[[ DATA SUPPLIED open ]]

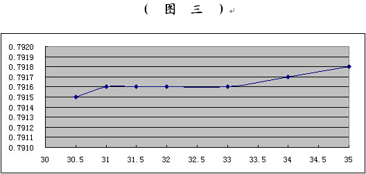結論:溫度對甲醇密度測定的影響是非常大的。在標準規定的范圍內同一試樣的密度基本上呈直線,溫度過低及溫度過高時則偏離此直線。一般要求測定的溫度是15-35℃,但是甲醇的揮發點比較低,所以平時測量時溫度不宜太高,一般保持在20℃左右,環境溫度變化應不大于±2℃,記錄溫度變化接近到0.1℃。
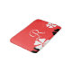 This minimalist floral plush bath mat is a great gift for a wedding or housewarming. Background is red with black and white flowers; Monogram is white. All Rights Reserved © 2015 Alan & Marcia Socolik.
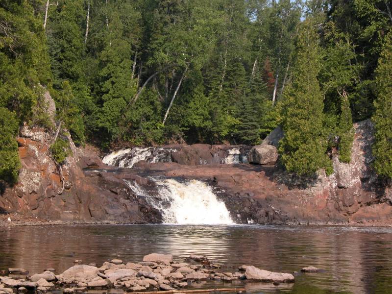 High Falls and Illgen Falls are farther upstream. Devil's Kettle Falls, the Upper Falls of the Brule River, the High Falls of the Pigeon River, Cross River Falls, Gooseberry Falls, and the Temperance River Gorge are all along Minnesota's north shore.
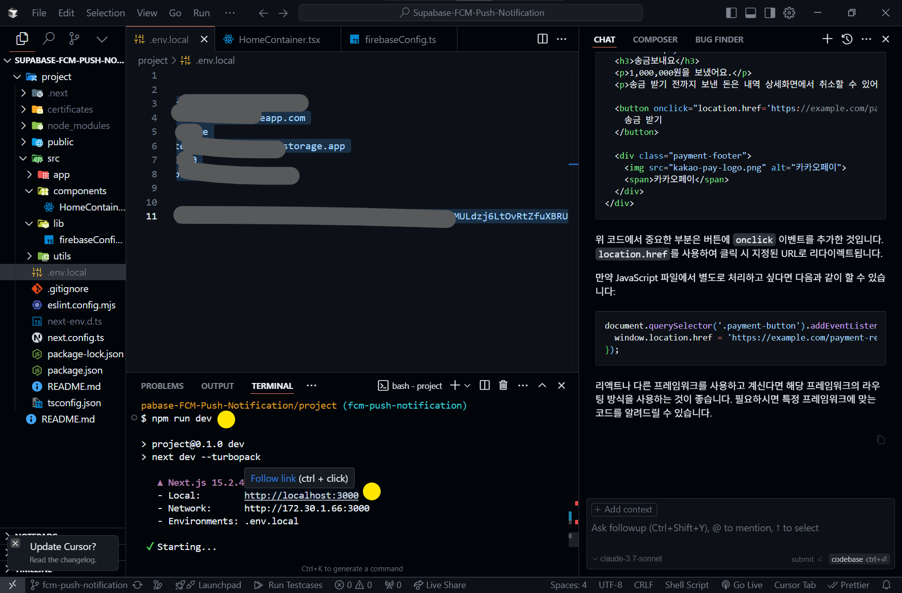 Next.js + Supabase + FCM 을 활용한 푸쉬 알림 기능 소스코드 저장소입니다. - LDK1009/Supabase-FCM-Push-Notification
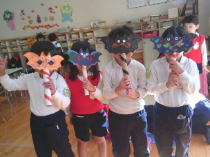 ハロウィンが近づき子どもたちは手持ちの”コウモリの仮面”を作りました。完成すると「年長さんに見せてくる」「年少さん、ひよこさんを驚かせていいかな?」と連日、コウモリ仮面を手に持ち園内を徘徊。当日は”どんぐりキャンディ”をかぼちゃの容器に入れ「お菓子をくれなきゃ いたずらしちゃうぞ!」を合言葉にお互いのクラスで楽しく配り合っていました。
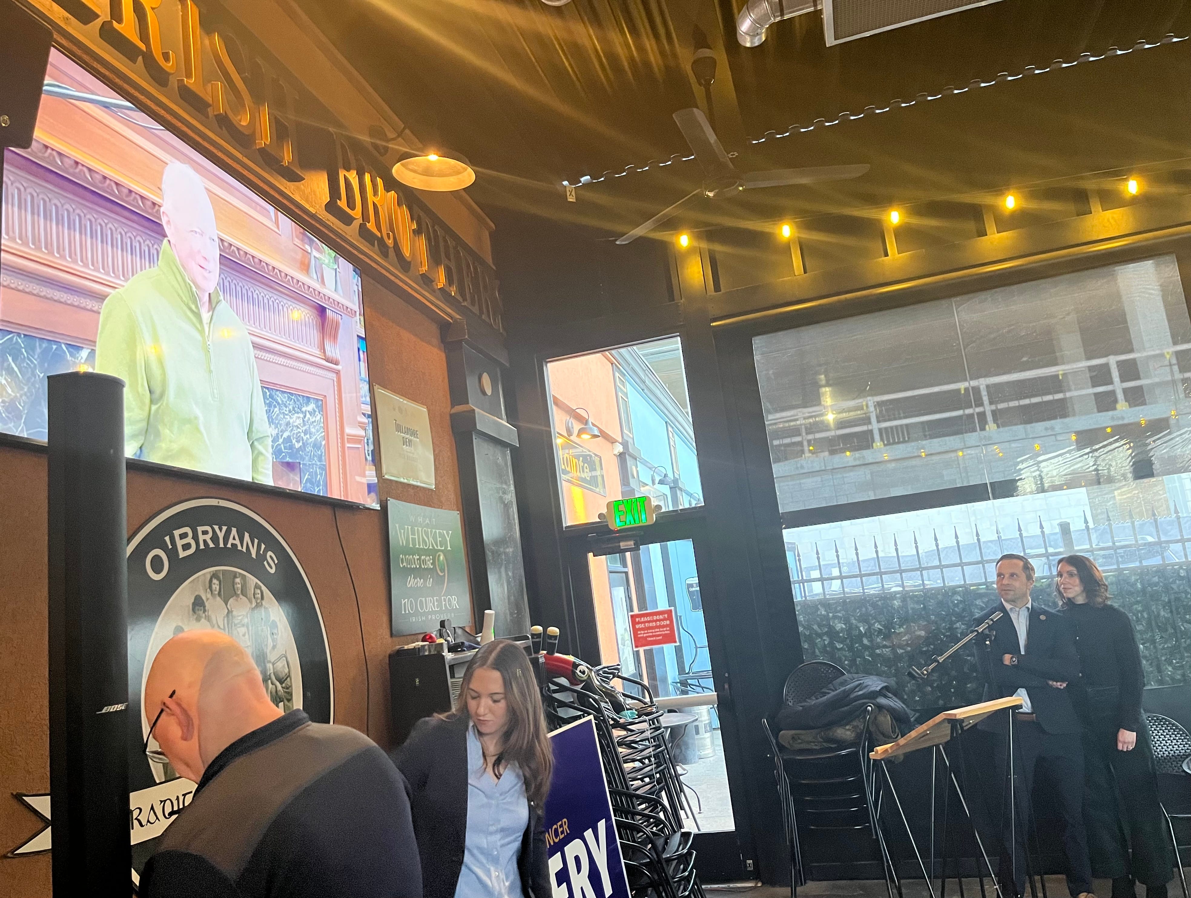 “We live in a time when, sadly, public officials acting out of principle and acting with great courage are sometimes hard to find,” Daniels said via a message delivered by video at a campaign launch at 9 Irish Brothers in West Lafayette when scheduling issues prevented something live. “And in some recent controversies in our state, Spencer Deery has revealed himself to be a person of immense principle and of equivalent courage.”
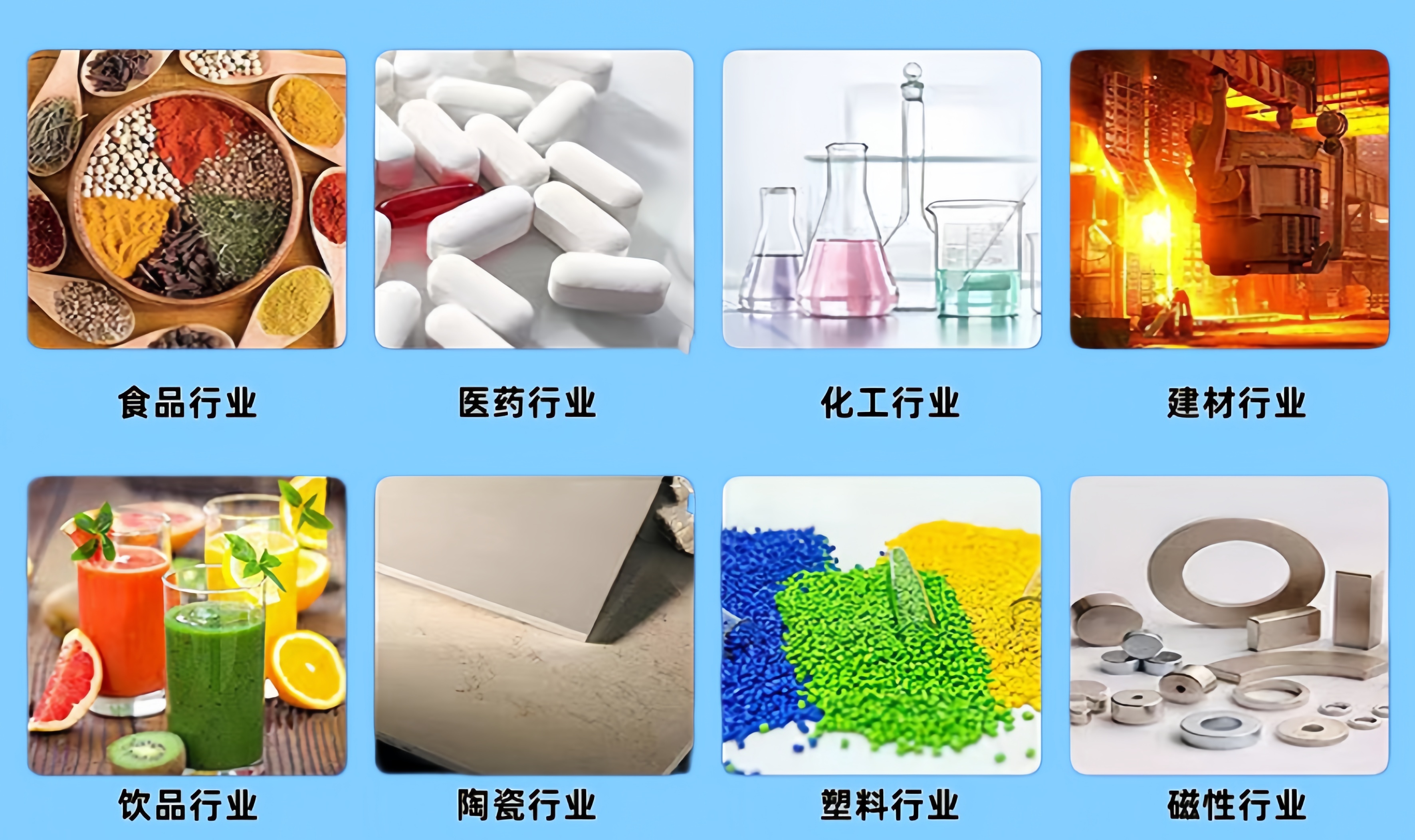 化工行業:樹脂、涂料、工業藥品、化妝品、油漆、中藥粉等。
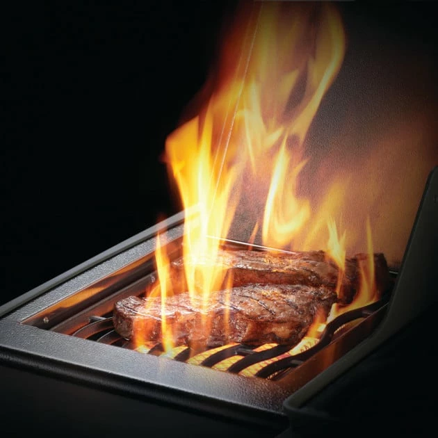 - Brûleur latéral infrarouge SIZZLE ZONE™, petit pour préparer facilement des plats de wok et des steaks grillés avec la marque ultime! La zone de taille infrarouge atteint rapidement une température pouvant atteindre 800°C et garantit des arômes torréfiés uniques.
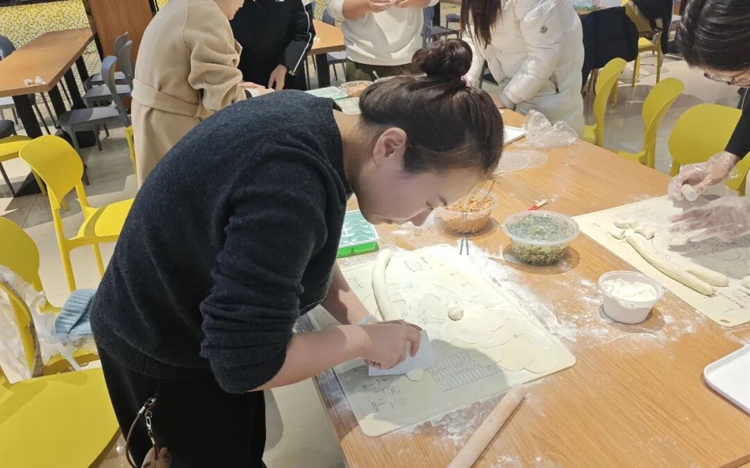 “要多備點辣椒醋,孩子們外賣吃多了,口味重”“餡要調得咸淡適中,符合年輕人口味”,包餃現場,老師們一邊交流技巧,一邊念叨著城寶們的飲食習慣。每一個餃子都裹著輔導員老師的牽掛,每一道褶皺都藏著學校的深情。

[[ DATA SUPPLIED closed ]]

All of the records above should be returned exactly, though the pictures should not.

## SOLVED EXERCISE
結論:溫度對甲醇密度測定的影響是非常大的。在標準規定的范圍內同一試樣的密度基本上呈直線,溫度過低及溫度過高時則偏離此直線。一般要求測定的溫度是15-35℃,但是甲醇的揮發點比較低,所以平時測量時溫度不宜太高,一般保持在20℃左右,環境溫度變化應不大于±2℃,記錄溫度變化接近到0.1℃。
 This minimalist floral plush bath mat is a great gift for a wedding or housewarming. Background is red with black and white flowers; Monogram is white. All Rights Reserved © 2015 Alan & Marcia Socolik.
 High Falls and Illgen Falls are farther upstream. Devil's Kettle Falls, the Upper Falls of the Brule River, the High Falls of the Pigeon River, Cross River Falls, Gooseberry Falls, and the Temperance River Gorge are all along Minnesota's north shore.
 Next.js + Supabase + FCM 을 활용한 푸쉬 알림 기능 소스코드 저장소입니다. - LDK1009/Supabase-FCM-Push-Notification
 ハロウィンが近づき子どもたちは手持ちの”コウモリの仮面”を作りました。完成すると「年長さんに見せてくる」「年少さん、ひよこさんを驚かせていいかな?」と連日、コウモリ仮面を手に持ち園内を徘徊。当日は”どんぐりキャンディ”をかぼちゃの容器に入れ「お菓子をくれなきゃ いたずらしちゃうぞ!」を合言葉にお互いのクラスで楽しく配り合っていました。
 “We live in a time when, sadly, public officials acting out of principle and acting with great courage are sometimes hard to find,” Daniels said via a message delivered by video at a campaign launch at 9 Irish Brothers in West Lafayette when scheduling issues prevented something live. “And in some recent controversies in our state, Spencer Deery has revealed himself to be a person of immense principle and of equivalent courage.”
 化工行業:樹脂、涂料、工業藥品、化妝品、油漆、中藥粉等。
 - Brûleur latéral infrarouge SIZZLE ZONE™, petit pour préparer facilement des plats de wok et des steaks grillés avec la marque ultime! La zone de taille infrarouge atteint rapidement une température pouvant atteindre 800°C et garantit des arômes torréfiés uniques.
 “要多備點辣椒醋,孩子們外賣吃多了,口味重”“餡要調得咸淡適中,符合年輕人口味”,包餃現場,老師們一邊交流技巧,一邊念叨著城寶們的飲食習慣。每一個餃子都裹著輔導員老師的牽掛,每一道褶皺都藏著學校的深情。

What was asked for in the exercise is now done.